Тимофей Калашников - Изнанка мира
Руководство собралось на лестнице, заняв почти все ступени. Даже из Центра, не говоря уже о соседних станциях, приехали курьеры и военные, перебравшись со сталкерами-проводниками по поверхности. Такого количества мертвых коммунисты не насчитывали уже давно. Сомов вышел вперед, снял фуражку и попросил тишины. Гул постепенно стих, и Федор начал говорить:
— Товарищи! Вы все знаете, что собрало нас здесь. Сегодня мы провожаем в последний путь наших братьев… жертв наглой, подлой, жестокой агрессии ганзейских захватчиков…
Молодая женщина рядом с Кириллом была убита горем. Она всхлипывала так истошно и громко, давясь насквозь промокшим от слез платком и пытаясь заглушить рыдания, что юноше пришлось отойти в сторону, иначе бы он завыл с нею вместе.

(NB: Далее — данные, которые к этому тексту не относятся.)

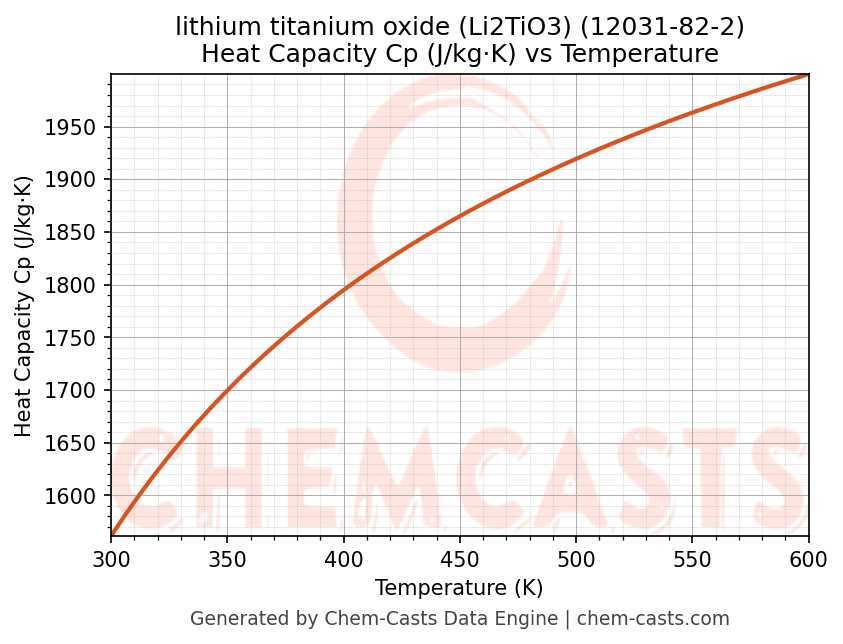 - Specific heat capacity (Cp) indicates the amount of energy required to raise the temperature of lithium titanium oxide (Li2TiO3) and is critical for energy balance and heat-exchanger design.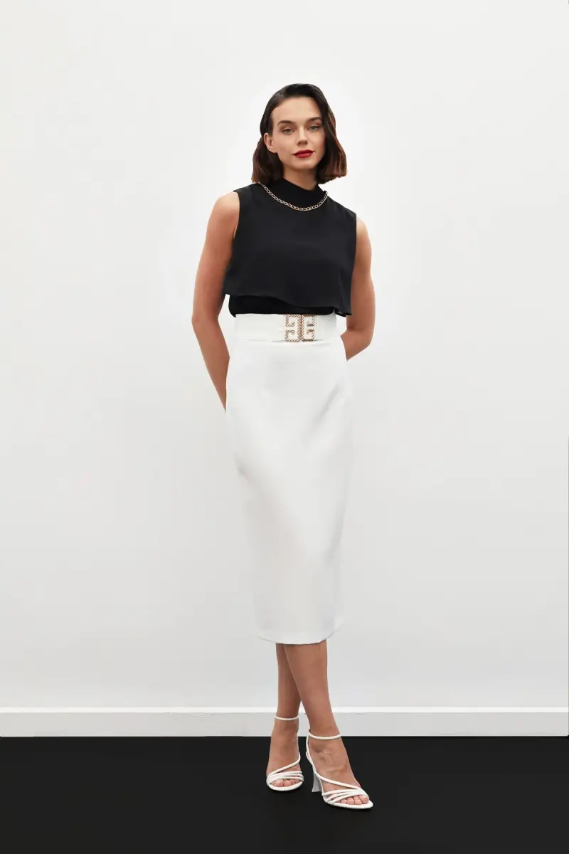 %63 Paxta %34 Poliester %3 Llycra, Aksessuar Detalli, Midi, Qalam Yubka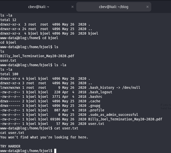 Now with an actual bash shell, I can use commands like find/locate to get around easier. Displaying user.txt under bjoel’s home directory shows that we need to find the actual file someplace else.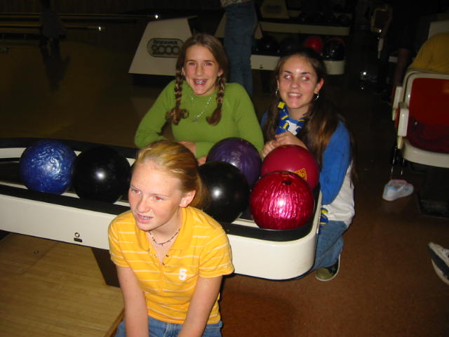 Lovely Daughter had her LONG AWAITED BIRTHDAY PARTY last night and today. The Agenda: First, pizza, lasagna, salad. Man, teenagers can EAT! After dinner was Bunko. If you don't know what Bunko is, I can't explain it other than to say it's a game involving dice, women, and shouting. Oh yeah, there's a little bell too. The winners (and losers) receive prizes. Well, we had round 1 of Bunko and then it was off to the bowling alley for some good old fashioned "Crazy Bowl" (in crazy bowl, for each frame you bowl in an unorthodox manner such as backwards, left handed or after doing three quick spins--my personal favorite).

— …они все одинаково дороги нам, — продолжал Фёдор, — однако об одном из этих героев мне хотелось бы сказать особо. — Сомов оторвал глаза от бумажки и быстро обвел собравшихся взглядом. — Это Иван Зорин. Все вы его хорошо знали и любили. Иван был прекрасным человеком: верным товарищем… стойким, сильным партийцем… отважным воином… заботливым отцом… Жизнь его была непроста. Сам он недоедал, но делился, отдавая последние крохи своего хлеба… не давал погибнуть детям… Это был ответственный человек. Невозможно представить Партию РиК без Ивана Зорина, — Федор выдержал некоторую паузу и создалось впечатление, что ему тяжело говорить. — Зорин был и останется в наших сердцах настоящим приверженцем коммунистической идеи! Он верил! Верил в товарища Москвина… верил в Партию… верил в народ! «Ум, честь и совесть!» — вот что я всегда думал об Иване. Он ярко жил, красиво ушел… Мы его помним, и будем помнить всегда! — Федор поднял сжатый кулак, словно угрожая затаившимся врагам.
Стоящие за ним руководители театрально склонили головы. Кто-то даже вытер несуществующую слезу и, достав носовой платок, неестественно громко высморкался. Кирилла колотило, как в лихорадке.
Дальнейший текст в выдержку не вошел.